通過訓練集得到回歸方程，再把測試集帶入該回歸方程，得到預測值。
計算預測值與真實值的差值的平方，得到平方損失函數(shù)（或其他的損失函數(shù)）。
重復以上過程，總共得到K個回歸方程和K個損失函數(shù)，其中損失函數(shù)最小的回歸方程就是最優(yōu)解。

留一交叉驗證

留一交叉驗證是K折交叉驗證的特殊情況，即：將數(shù)據(jù)集劃分成N份，N為數(shù)據(jù)集總數(shù)。

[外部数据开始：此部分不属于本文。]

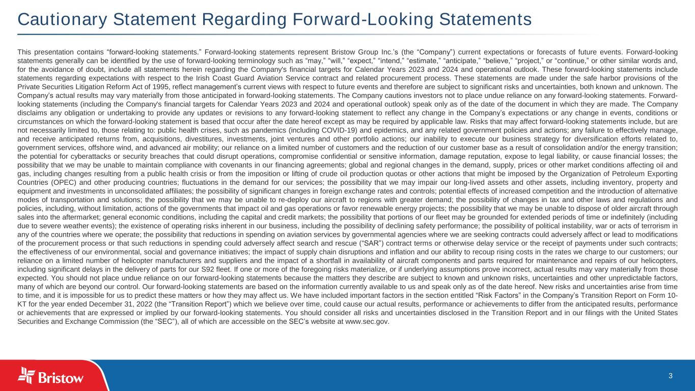 3 Cautionary Statement Regarding Forward-Looking Statements This presentation contains “forward-looking statements.” Forward-looking statements represent Bristow Group Inc.’s (the “Company”) current expectations or forecasts of future events. Forward-looking statements generally can be identified by the use of forward-looking terminology such as “may,” “will,” “expect,” “intend,” “estimate,” “anticipate,” “believe,” “project,” or “continue,” or other similar words and, for the avoidance of doubt, include all statements herein regarding the Company's financial targets for Calendar Years 2023 and 2024 and operational outlook. These forward-looking statements include statements regarding expectations with respect to the Irish Coast Guard Aviation Service contract and related procurement process. These statements are made under the safe harbor provisions of the Private Securities Litigation Reform Act of 1995, reflect management’s current views with respect to future events and therefore are subject to significant risks and uncertainties, both known and unknown. The Company’s actual results may vary materially from those anticipated in forward-looking statements. The Company cautions investors not to place undue reliance on any forward-looking statements. Forward- looking statements (including the Company's financial targets for Calendar Years 2023 and 2024 and operational outlook) speak only as of the date of the document in which they are made. The Company disclaims any obligation or undertaking to provide any updates or revisions to any forward-looking statement to reflect any change in the Company’s expectations or any change in events, conditions or circumstances on which the forward-looking statement is based that occur after the date hereof except as may be required by applicable law. Risks that may affect forward-looking statements include, but are not necessarily limited to, those relating to: public health crises, such as pandemics (including COVID-19) and epidemics, and any related government policies and actions; any failure to effectively manage, and receive anticipated returns from, acquisitions, divestitures, investments, joint ventures and other portfolio actions; our inability to execute our business strategy for diversification efforts related to, government services, offshore wind, and advanced air mobility; our reliance on a limited number of customers and the reduction of our customer base as a result of consolidation and/or the energy transition; the potential for cyberattacks or security breaches that could disrupt operations, compromise confidential or sensitive information, damage reputation, expose to legal liability, or cause financial losses; the possibility that we may be unable to maintain compliance with covenants in our financing agreements; global and regional changes in the demand, supply, prices or other market conditions affecting oil and gas, including changes resulting from a public health crisis or from the imposition or lifting of crude oil production quotas or other actions that might be imposed by the Organization of Petroleum Exporting Countries (OPEC) and other producing countries; fluctuations in the demand for our services; the possibility that we may impair our long-lived assets and other assets, including inventory, property and equipment and investments in unconsolidated affiliates; the possibility of significant changes in foreign exchange rates and controls; potential effects of increased competition and the introduction of alternative modes of transportation and solutions; the possibility that we may be unable to re-deploy our aircraft to regions with greater demand; the possibility of changes in tax and other laws and regulations and policies, including, without limitation, actions of the governments that impact oil and gas operations or favor renewable energy projects; the possibility that we may be unable to dispose of older aircraft through sales into the aftermarket; general economic conditions, including the capital and credit markets; the possibility that portions of our fleet may be grounded for extended periods of time or indefinitely (including due to severe weather events); the existence of operating risks inherent in our business, including the possibility of declining safety performance; the possibility of political instability, war or acts of terrorism in any of the countries where we operate; the possibility that reductions in spending on aviation services by governmental agencies where we are seeking contracts could adversely affect or lead to modifications of the procurement process or that such reductions in spending could adversely affect search and rescue (“SAR”) contract terms or otherwise delay service or the receipt of payments under such contracts; the effectiveness of our environmental, social and governance initiatives; the impact of supply chain disruptions and inflation and our ability to recoup rising costs in the rates we charge to our customers; our reliance on a limited number of helicopter manufacturers and suppliers and the impact of a shortfall in availability of aircraft components and parts required for maintenance and repairs of our helicopters, including significant delays in the delivery of parts for our S92 fleet. If one or more of the foregoing risks materialize, or if underlying assumptions prove incorrect, actual results may vary materially from those expected. You should not place undue reliance on our forward-looking statements because the matters they describe are subject to known and unknown risks, uncertainties and other unpredictable factors, many of which are beyond our control. Our forward-looking statements are based on the information currently available to us and speak only as of the date hereof. New risks and uncertainties arise from time to time, and it is impossible for us to predict these matters or how they may affect us. We h

就是只留一個數(shù)據(jù)作為測試集，該特殊情況稱為“留一交叉驗證”。

代碼實現(xiàn)

'''留一交叉驗證'''
import numpy as np
# K折交叉驗證
data = [[12, 1896], [11, 1900], [11, 1904], [10.8, 1908], [10.8, 1912], [10.8, 1920], [10.6, 1924], [10.8, 1928],
  [10.3, 1932], [10.3, 1936], [10.3, 1948], [10.4, 1952], [10.5, 1956], [10.2, 1960], [10.0, 1964], [9.95, 1968],
  [10.14, 1972], [10.06, 1976], [10.25, 1980], [9.99, 1984], [9.92, 1988], [9.96, 1992], [9.84, 1996],
  [9.87, 2000], [9.85, 2004], [9.69, 2008]]
length = len(data)
# 得到訓練集和測試集
def Get_test_train(length, data, i):
 test_data = data[i]  # 測試集
 train_data = data[:]
 train_data.pop(i)  # 訓練集
 return train_data, test_data
# 得到線性回歸直線
def Get_line(train_data):
 time = []
 year = []
 average_year_time = 0
 average_year_year = 0
 for i in train_data:
  time.append(i[0])
  year.append(i[1])
 time = np.array(time)
 year = np.array(year)
 average_year = sum(year) / length  # year拔
 average_time = sum(time) / length  # time拔
 for i in train_data:
  average_year_time = average_year_time + i[0] * i[1]
  average_year_year = average_year_year + i[1] ** 2
 average_year_time = average_year_time / length  # (year, time)拔
 average_year_year = average_year_year / length  # (year, year)拔
 # 線性回歸：t = w0 + w1 * x
 w1 = (average_year_time - average_year * average_time) / (average_year_year - average_year * average_year)
 w0 = average_time - w1 * average_year
 return w0, w1
# 得到損失函數(shù)
def Get_loss_func(w0, w1, test_data):
 time_real = test_data[0]
 time_predict = eval('{} + {} * {}'.format(w0, w1, test_data[1]))
 loss = (time_predict - time_real) ** 2
 dic['t = {} + {}x'.format(w0, w1)] = loss
 return dic
if __name__ == '__main__':
 dic = {}  # 存放建為回歸直線，值為損失函數(shù)的字典
 for i in range(length):
  train_data, test_data = Get_test_train(length, data, i)
  w0, w1 = Get_line(train_data)
  Get_loss_func(w0, w1, test_data)
  dic = Get_loss_func(w0, w1, test_data)
 min_loss = min(dic.values())
 best_line = [k for k, v in dic.items() if v == min_loss][0]
 print('最佳回歸直線：', best_line)
 print('最小損失函數(shù)：', min_loss)

留一法交叉驗證 Leave-One-Out Cross Validation

交叉驗證法，就是把一個大的數(shù)據(jù)集分為 k 個小數(shù)據(jù)集，其中 k−1 個作為訓練集，剩下的 1 11 個作為測試集，在訓練和測試的時候依次選擇訓練集和它對應的測試集。這種方法也被叫做 k 折交叉驗證法（k-fold cross validation）。最終的結(jié)果是這 k 次驗證的均值。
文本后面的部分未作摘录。